#### GIVEN DATA:
* * * * * * *

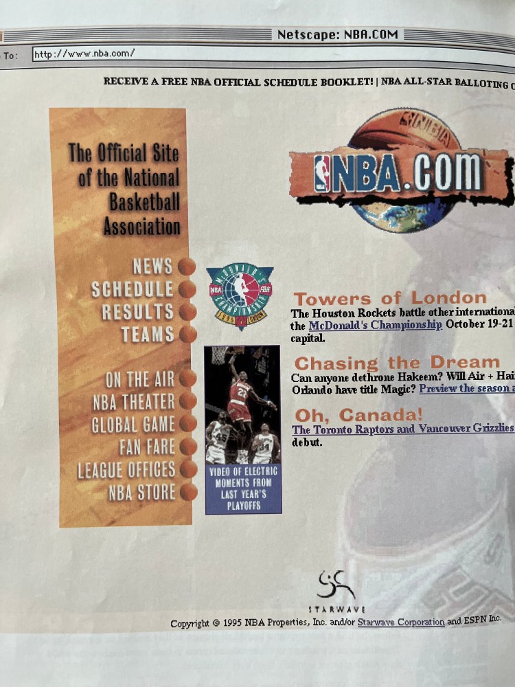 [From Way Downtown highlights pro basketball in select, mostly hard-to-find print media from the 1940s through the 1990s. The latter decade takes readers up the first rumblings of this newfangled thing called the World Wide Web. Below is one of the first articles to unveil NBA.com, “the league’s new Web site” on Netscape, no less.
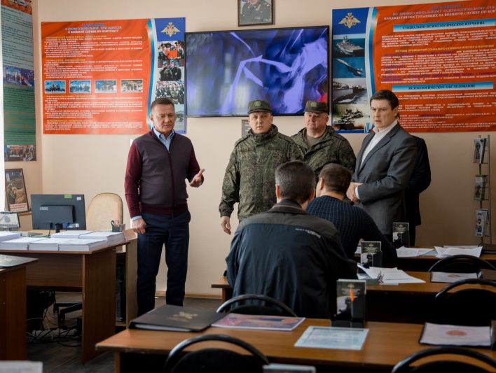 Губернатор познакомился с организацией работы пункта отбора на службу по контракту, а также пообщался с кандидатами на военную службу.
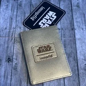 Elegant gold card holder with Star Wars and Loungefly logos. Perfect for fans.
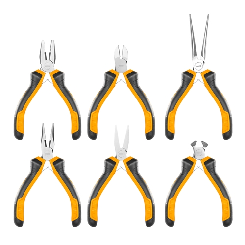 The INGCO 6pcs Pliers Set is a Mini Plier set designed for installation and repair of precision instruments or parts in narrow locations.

* * * * * * *

#### WHAT THE TASK ASKS:
Exact output of each line above is wanted, without the pictures.

#### ANSWER SPACE:
 [From Way Downtown highlights pro basketball in select, mostly hard-to-find print media from the 1940s through the 1990s. The latter decade takes readers up the first rumblings of this newfangled thing called the World Wide Web. Below is one of the first articles to unveil NBA.com, “the league’s new Web site” on Netscape, no less.
 Губернатор познакомился с организацией работы пункта отбора на службу по контракту, а также пообщался с кандидатами на военную службу.
 Elegant gold card holder with Star Wars and Loungefly logos. Perfect for fans.
 The INGCO 6pcs Pliers Set is a Mini Plier set designed for installation and repair of precision instruments or parts in narrow locations.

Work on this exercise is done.